AvatarCLIP: Zero-Shot Text-Driven Generation and Animation of 3D Avatars

Fangzhou Hong1*  Mingyuan Zhang1*  Liang Pan1  Zhongang Cai1,2,3  Lei Yang2  Ziwei Liu1+

1S-Lab, Nanyang Technological University  2SenseTime Research  3Shanghai AI Laboratory

*equal contribution  +corresponding author

Accepted to SIGGRAPH 2022 (Journal Track)


AvatarCLIP generate and animate avatars given descriptions of body shapes, appearances and motions.

A tall and skinny female soldier that is arguing.A skinny ninja that is raising both arms.An overweight sumo wrestler that is sitting.A tall and fat Iron Man that is running.

This repository contains the official implementation of AvatarCLIP: Zero-Shot Text-Driven Generation and Animation of 3D Avatars.

[Project Page][arXiv][High-Res PDF (166M)][Supplementary Video][Colab Demo]


[09/2022] :fire::fire::fire:If you are looking for a higher-quality text2motion method, go checkout our new work MotionDiffuse!:fire::fire::fire:

[07/2022] Code release for motion generation part!

[05/2022] Paper uploaded to arXiv. arXiv

[05/2022] Add a Colab Demo for avatar generation!
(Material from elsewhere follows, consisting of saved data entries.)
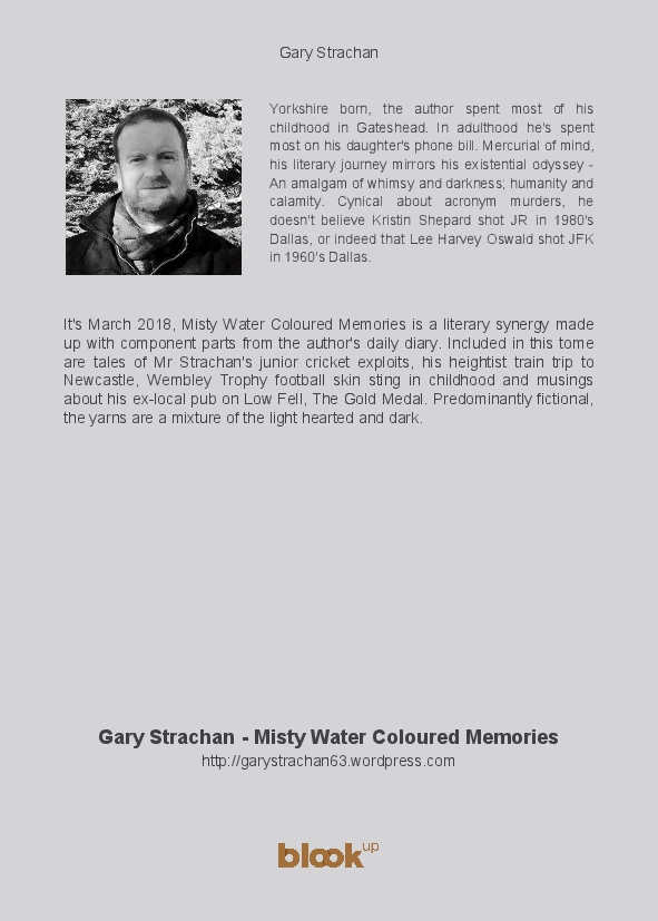 It's March 2018, Misty Water Coloured Memories is a literary synergy made up with component parts from the author's daily diary. Included in this tome are tales of Mr Strachan's junior cricket exploits, his heightist train trip to Newcastle, Wembley Trophy football skin sting in childhood and musings about his ex-local pub on Low Fell, The Gold Medal. Predominantly fictional, the yarns are a mixture of the light hearted and dark.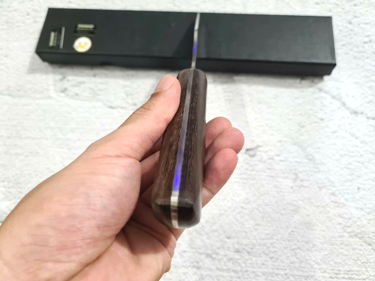 DAO BẾP SASHIMI MẶT HOA VĂN MÃ N4 THÔNG TIN SẢN PHẨM TỔNG DÀI : 45cm, LƯỠI: 30cm,RỘNG : 4cm, dày: 2.5mm, CHẤT liệu lưỡi: thép IFA cao cấp Chất liệu CÁN: gỗ Cẩm chỉ,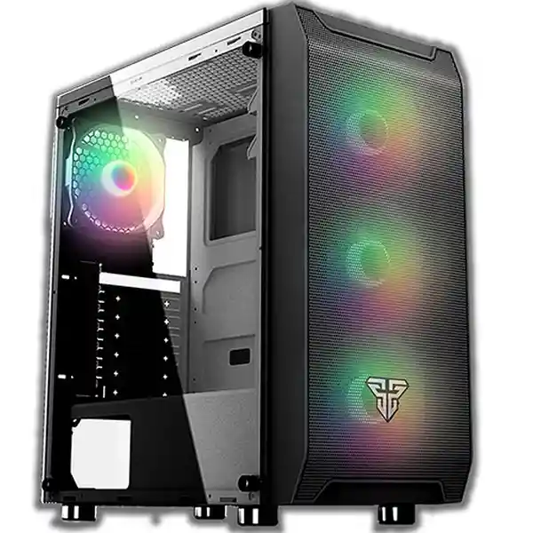 Tiene un tamaño máximo de placa madre ATX, Mini ATX y Micro ATX, posee el espacio perfecto para tu fuente de poder (fuente de poder no incluida en el chasis) incluyéndote el cableado, panel lateral con un vidrio templado y acabado mate negro en su placa metálica, contando con una Iluminación RGB (no controlable).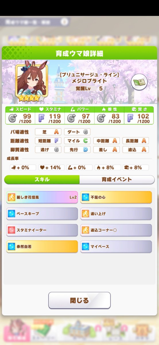 #メジロブライト pic.twitter.com/di7z2ki5RM結構無我夢中強いっぽいな。長距離来たらブライト差し育成は凄くありかも。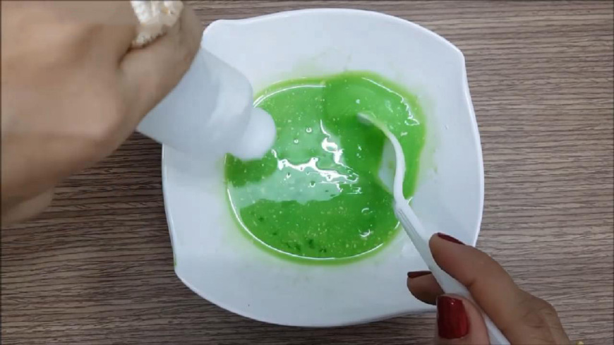 加入胶水后,我们加入一些儿童牙膏,牙膏可以起到让史莱经蓬松和润滑的作用,牙膏本身的颜色还可以起到调色的作用。

Open In Colab

[05/2022] Support converting the generated avatar to the animatable FBX format! Go checkout how to use the FBX models. Or checkout the instructions for the conversion codes.

[05/2022] Code release for avatar generation part!

[04/2022] AvatarCLIP is accepted to SIGGRAPH 2022 (Journal Track):partying_face:!


If you find our work useful for your research, please consider citing the paper:

    title={AvatarCLIP: Zero-Shot Text-Driven Generation and Animation of 3D Avatars},
    author={Hong, Fangzhou and Zhang, Mingyuan and Pan, Liang and Cai, Zhongang and Yang, Lei and Liu, Ziwei},
    journal={ACM Transactions on Graphics (TOG)},
    publisher={ACM New York, NY, USA},

Use Generated FBX Models


Go visit our project page. Go to the section 'Avatar Gallery'. Pick a model you like. Click 'Load Model' below. Click 'Download FBX' link at the bottom of the pop-up viewer.

Import to Your Favourite 3D Software (e.g. Blender, Unity3D)

The FBX models are already rigged. Use your motion library to animate it!


Upload to Mixamo

To make use of the rich motion library provided by Mixamo, you can also upload the FBX model to Mixamo. The rigging process is completely automatic!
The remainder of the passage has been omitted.